Journal of the American Chemical Society2006Vol. 128(31), pp. 10295–10303

Citations Over TimeTop 15% of 2006 papers

James E. McDonough, J.J. Weir, K. Sukcharoenphon, Carl D. Hoff, O.P. Kryatova, E.V. Rybak-Akimova, Brian L. Scott, Gregory J. Kubas, A. Mendiratta, Christopher C. Cummins

Abstract

Enthalpies of oxidative addition of PhE-EPh (E = S, Se, Te) to the M(0) complexes M(PiPr3)2(CO)3 (M = Mo, W) to form stable complexes M(*EPh)(PiPr3)2(CO)3 are reported and compared to analogous data for addition to the Mo(III) complexes Mo(N[tBu]Ar)3 (Ar = 3,5-C6H3Me2) to form diamagnetic Mo(IV) phenyl chalcogenide complexes Mo(N[tBu]Ar)3(EPh). Reactions are increasingly exothermic based on metal complex, Mo(PiPr3)2(CO)3 < W(PiPr3)2(CO)3 < Mo(N[tBu]Ar)3, and in terms of chalcogenide, PhTe-TePh < PhSe-SePh < PhS-SPh. These data are used to calculate LnM-EPh bond strengths, which are used to estimate the energetics of production of a free *EPh radical when a dichalcogenide interacts with a specific metal complex. To test these data, reactions of Mo(N[tBu]Ar)3 and Mo(PiPr3)2(CO)3 with PhSe-SePh were studied by stopped-flow kinetics. First- and second-order dependence on metal ion concentration was determined for these two complexes, respectively, in keeping with predictions based on thermochemical data.
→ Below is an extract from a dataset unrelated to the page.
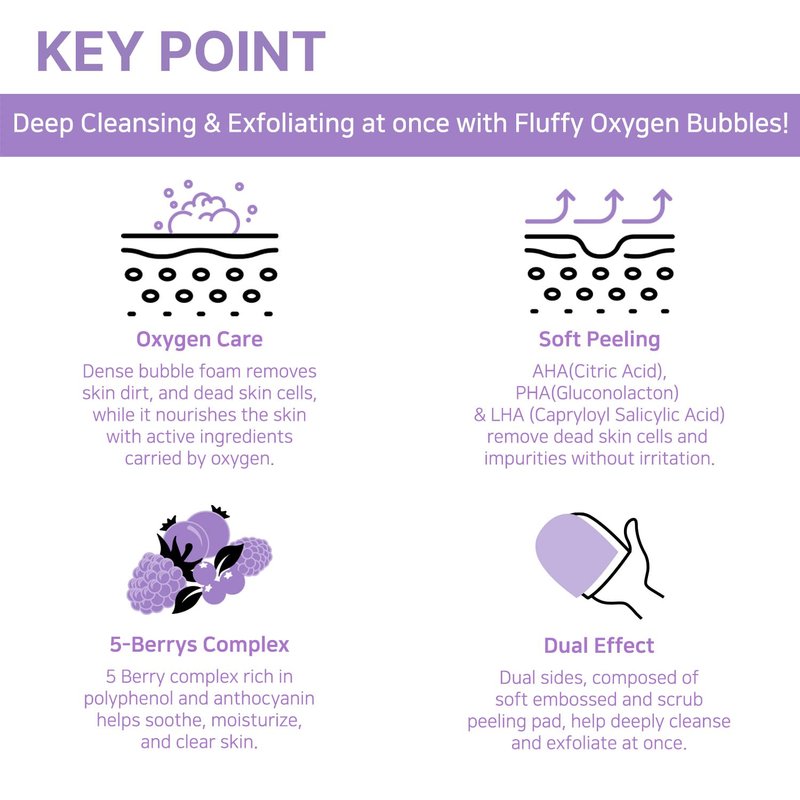 - Oxygen Care : Dense bubble foam removes surface dirt, while it nourishes and moisturizes the skin with essential ingredients carried by oxygen. Oxygen foam helps healthier and brighten skin tone, and you can feel instantly the smoothest skin ever.
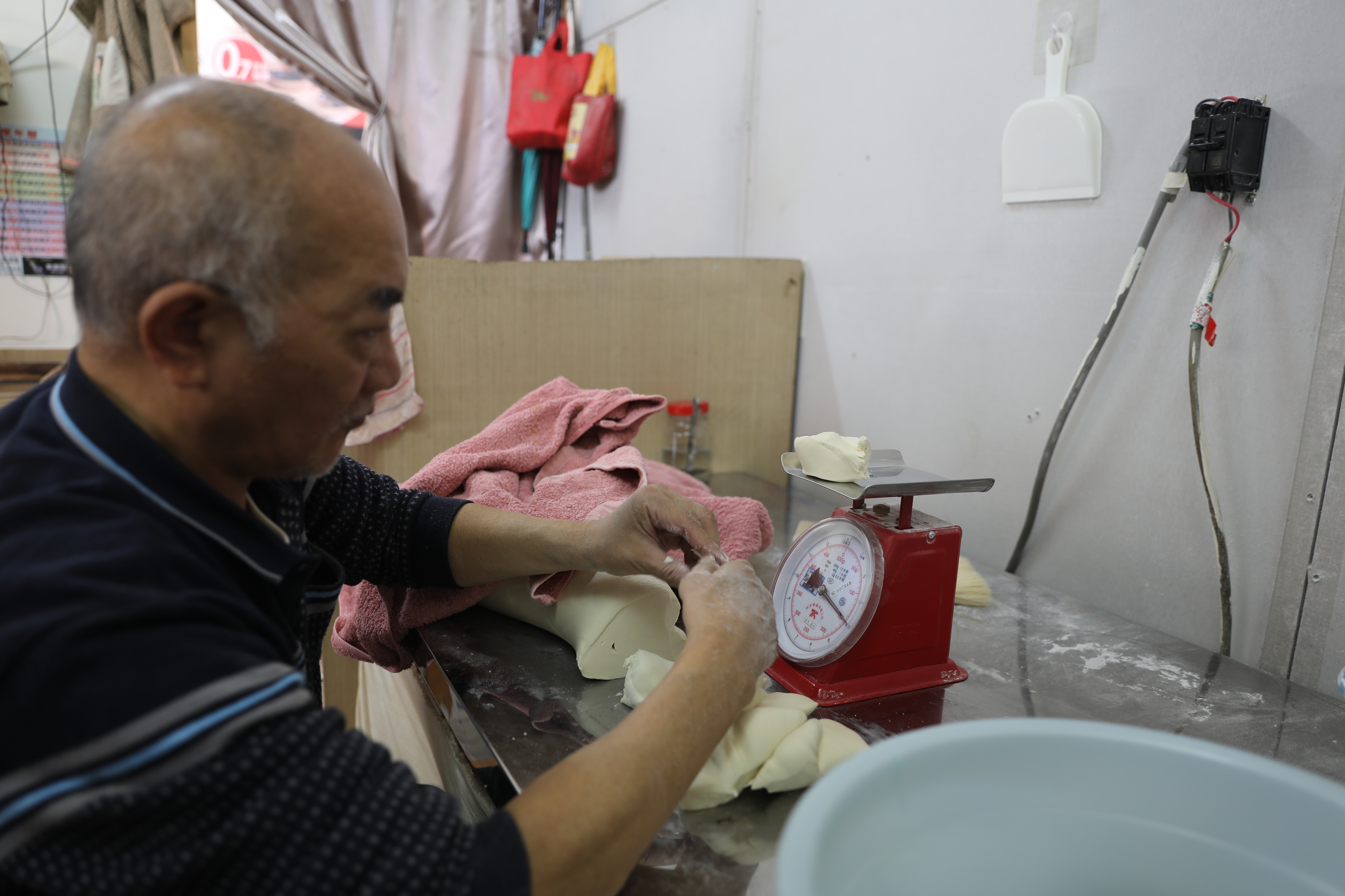 3月16日,位于台北南昌路二段的吉家火烧店,今年63岁的吉廷武将面团分成大小一致的剂子。中新社记者 刘大炜 摄

ESR data are reported for the full set of bound chalcogenyl radical complexes (PhE*)M(PiPr3)2(CO)3; g values increase on going from S to Se, to Te, and from Mo to W. Calculations of electron densities of the SOMO show increasing electron density on the chalcogen atom on going from S to Se to Te. The crystal structure of W(*TePh)(PiPr3)2(CO)3 is reported.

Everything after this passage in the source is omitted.